Turns out he found as much value in one as the other. The two rooms were companions and shook hands in his mind. I am not a member of The Program, but I attended one with him, and I get his point.

I watched on line all week as A—— advertised and encouraged people to attend the Saturday afternoon poetry event she hosted. She posted and re-posted announcements daily. The Friday before, I snuck around the office and found an empty room. I sat with a cup of hot water and waited for her to call and patch me into her radio show. Earlier, she mentioned I wouldn’t have to read anything on air, just talk about why I do what I do. Unfortunately, I believed her and didn’t bring any poems with me to that vacant office. She called me and one other poet to appear on her radio show live. As the other poet read appropriately short poems, I looked through my email for something I’d mailed myself and found it just in time.

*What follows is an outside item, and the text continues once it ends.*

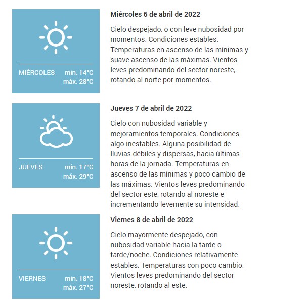 Cielo despejado, o con leve nubosidad por momentos. Condiciones estables. Temperaturas en suave descenso de las mínimas y poco cambio de las máximas. Vientos leves predominando del sector este/sureste, rotando al nor/noreste por momentos.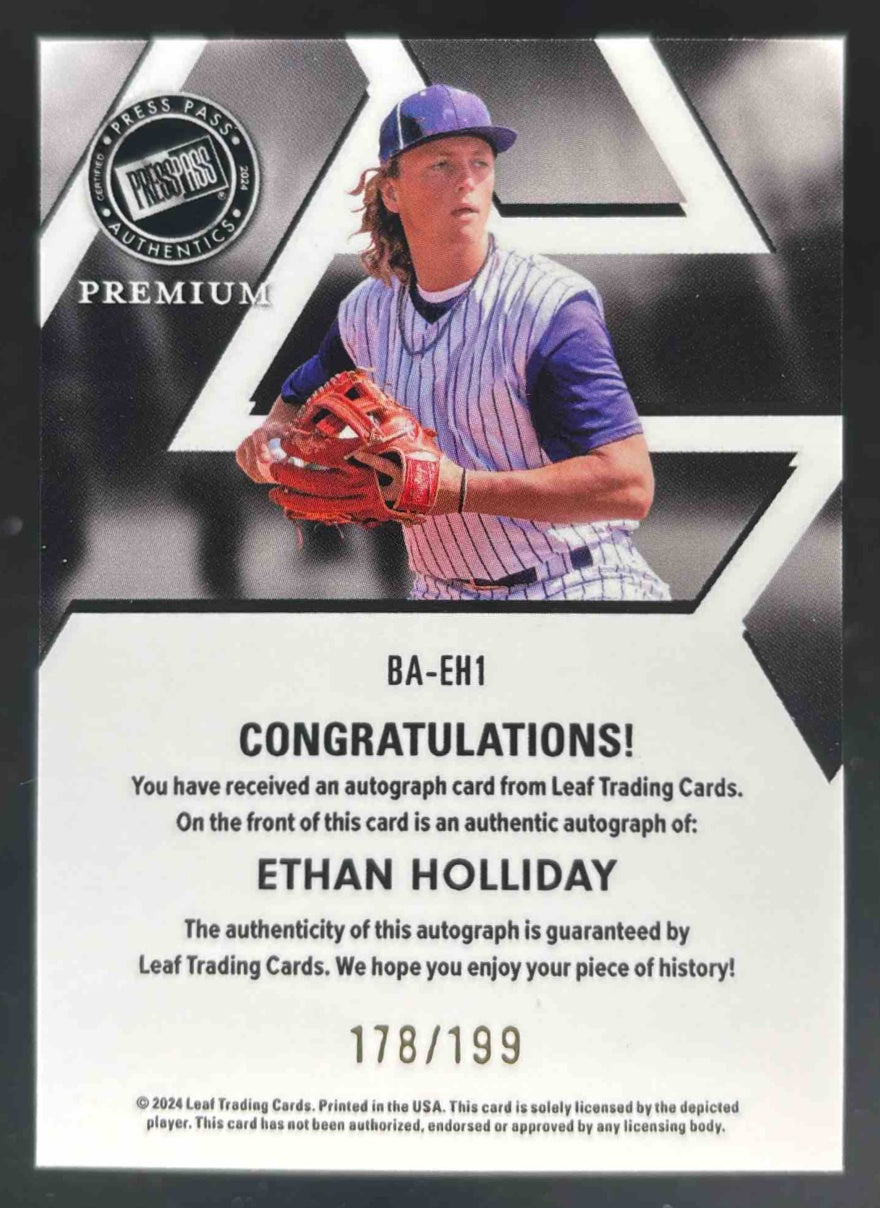 2024 Leaf Press Pass Premium Autograph Brite Brite Ethan Holliday Auto /199

The reading was mid-afternoon 3-5pm, and though it was scheduled simultaneously with the Black Panther’s Reunion festivities across town, I expected a sizable audience. My bad.

The reading occurred at the library at the Fruitvale Bart station. All this time I never knew about a library. But you walk up one block through the little mall of mini-stores and apartments then turn left and at the next corner and you’ll see a modestly glassed in lobby with a corkboard ratted with flyers. I entered and found… a lobby, where a mid-50’s Mexican gentleman and a woman stood with four pre-teen kids waiting for the elevator. We all piled on and the man pointed and laughed at the elevator buttons. There was only one choice, only one floor.

The library was full of lemony light and occupied the entire floor. On first scan it seemed more geared towards a children’s library. I walked up one aisle, looking for perhaps another staircase or evidence of a poetry reading. I turned around listening for voices or looking for rows of chairs and saw nothing obvious. I approached a librarian and she said, “the conference room at the end of aisle 13.” Just as I approached the door I saw the back of A——‘s wheelchair.

In the conference room were 12 people in a circle around three tables assembled into a C. I walked in just after it started. Once it started in earnest, the door was closed by a dred-locked security dude. The reading looked part community meeting, part AA meeting. The large room left plenty of unused space. Behind us, a young girl sat on the floor against the wall beneath the rooms only window, successfully ignoring us while doing her thing with a cellphone. After I sat down, two other women showed up ‘for a friend’ and after realizing that friend already read, the two surreptitiously got up and left. Not that I blamed them. I was one of four features, and we nearly outnumbered the others, who read poems in the open mic. All features read quietly while seated in the circle. The poems (and a sweet novel excerpt from a 82 year old woman’s freshly published first book) were good, solid.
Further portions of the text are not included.